(CSE Distinguished Lecture Series)
Speaker: Yolanda Gil, University of Southern California
Date: Wednesday, November 8, 2017
Location: Room 1242, CSE Building (Multipurpose Room)
Abstract: We face increasingly complex integrative problems of societal importance that are orders of magnitude more challenging every decade. Computing has had a prime role in handling that complexity by scaling up calculations over data, more recently through powerful artificial intelligence techniques such as deep learning. I foresee qualitatively different advances stemming from new artificial intelligence approaches for scaling up reasoning over knowledge to systematically search through complex information spaces. In this talk, I will describe recent research to develop intelligent systems capable of automating hypothesis-driven discovery by capturing knowledge about experiment design strategies that determine what data and analysis methods can be used to test and revise a given hypothesis. I will propose seven principles and a research agenda for developing “thoughtful artificial intelligence” with capabilities that would significantly augment our ability to tackle fundamental problems in data science and scientific discovery that have been a barrier for progress in many areas.
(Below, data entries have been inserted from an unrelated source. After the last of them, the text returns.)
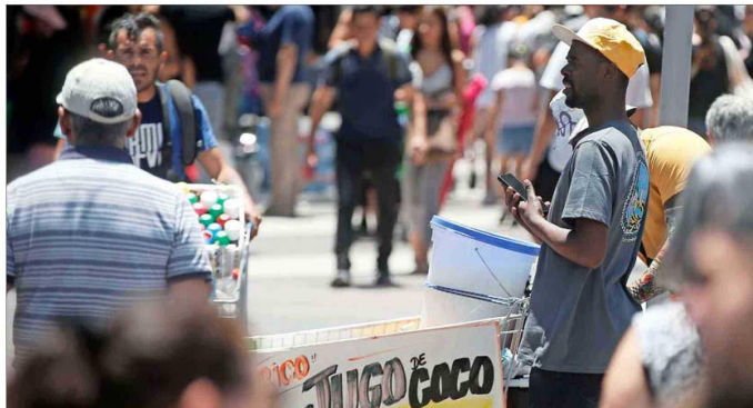
TENSIÓN CON FORÁNEOS. — La edición 2023 refleja la percepción de la opinión pública sobre el impacto del fenómeno migratorio que vive Chile en los últimos años.
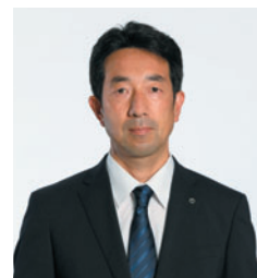
NTTアクセスサービスシステム研究所 所長
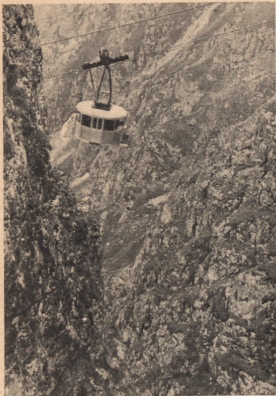
Kolejka na Kasprowy
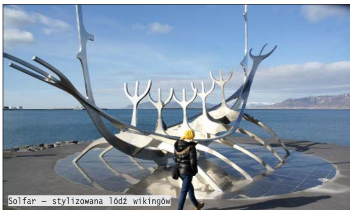
Solfar – stylizowana łódź wikingów
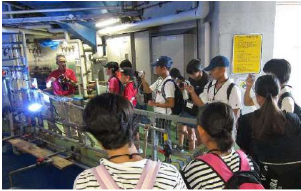
鹿児島水族館 バックヤード見学
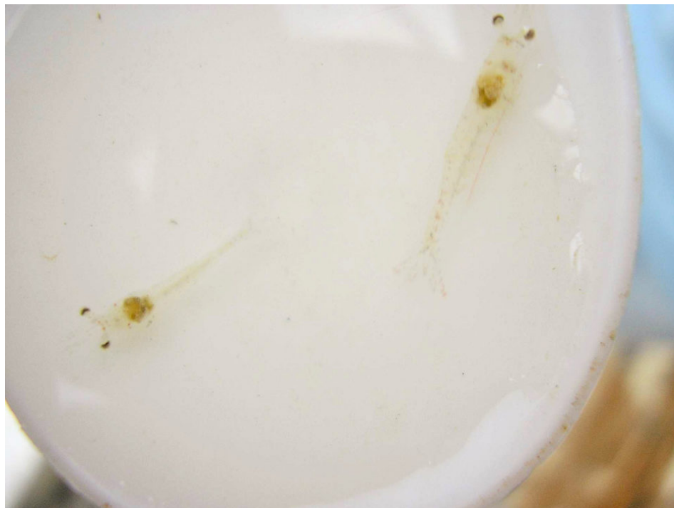
Camarón afectado PL con tripas vacías y HP pálidos.

Aproximadamente a las 7 a.m., los técnicos de pre-cría informaron a la gerencia que se observaron PL enfermas y moribundas en el tanque 6. Después de la consulta y discusión entre el personal y los gerentes a las 10 a.m., se iniciaron los pasos de intervención abajo:
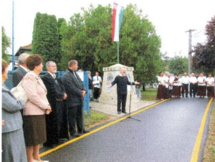
Meleg Vilmos színművész verscsokrot ad elő
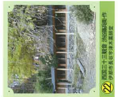
22 西国三十三観音 浜給藤兵衛・作 伊那市長谷宇津木薬師堂
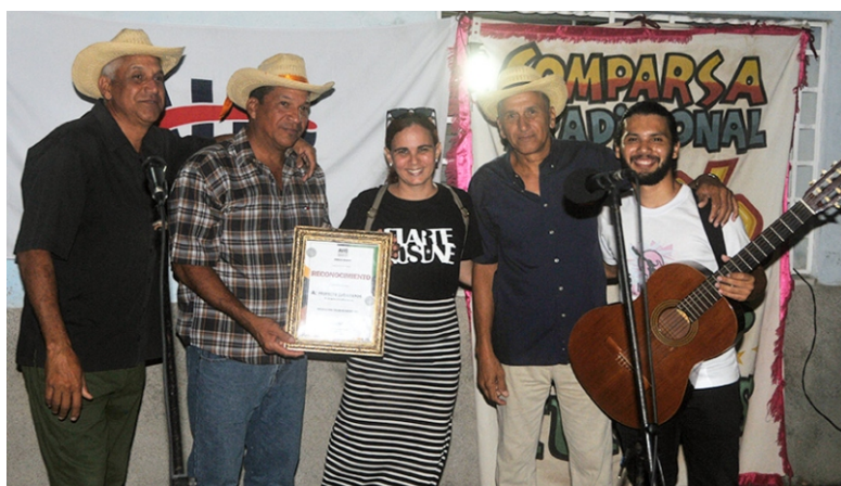
El Festival comenzó con el ritmo del proyecto comunitario Zabaleando.
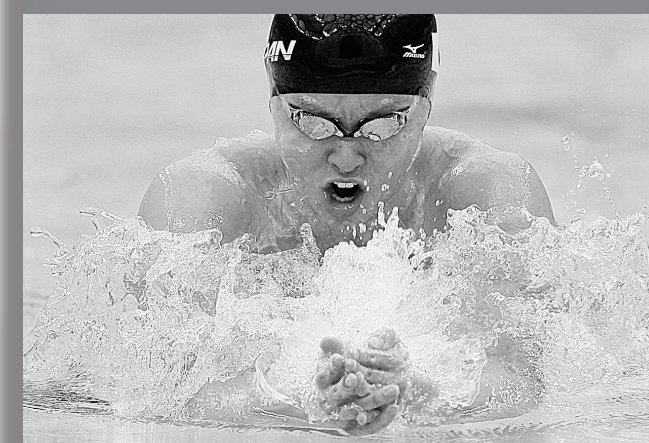
8月14日,日本选手北岛康介在男子200米蛙泳决赛中,以2分07秒64的成绩夺得金牌,并打破奥运会纪录。

Bio: Dr. Yolanda Gil is Director of Knowledge Technologies and Associate Division Director at the Information Sciences Institute of the University of Southern California, and Research Professor in the Computer Science Department. She received her M.S. and Ph. D. degrees in Computer Science from Carnegie Mellon University, with a focus on artificial intelligence. Her research is on intelligent interfaces for knowledge capture, knowledge-based planning and problem solving, information analysis and assessment of trust, and social knowledge collection. In recent years, Dr. Gil has collaborated with scientists in different domains on semantic workflows, metadata capture, reproducibility, and computer-mediated collaboration. She is a Fellow of the Association for Computing Machinery (ACM), and Past Chair of its Special Interest Group in Artificial Intelligence (SIGAI). She is also Fellow of the Association for the Advancement of Artificial Intelligence (AAAI), and was elected its 24th President in 2016.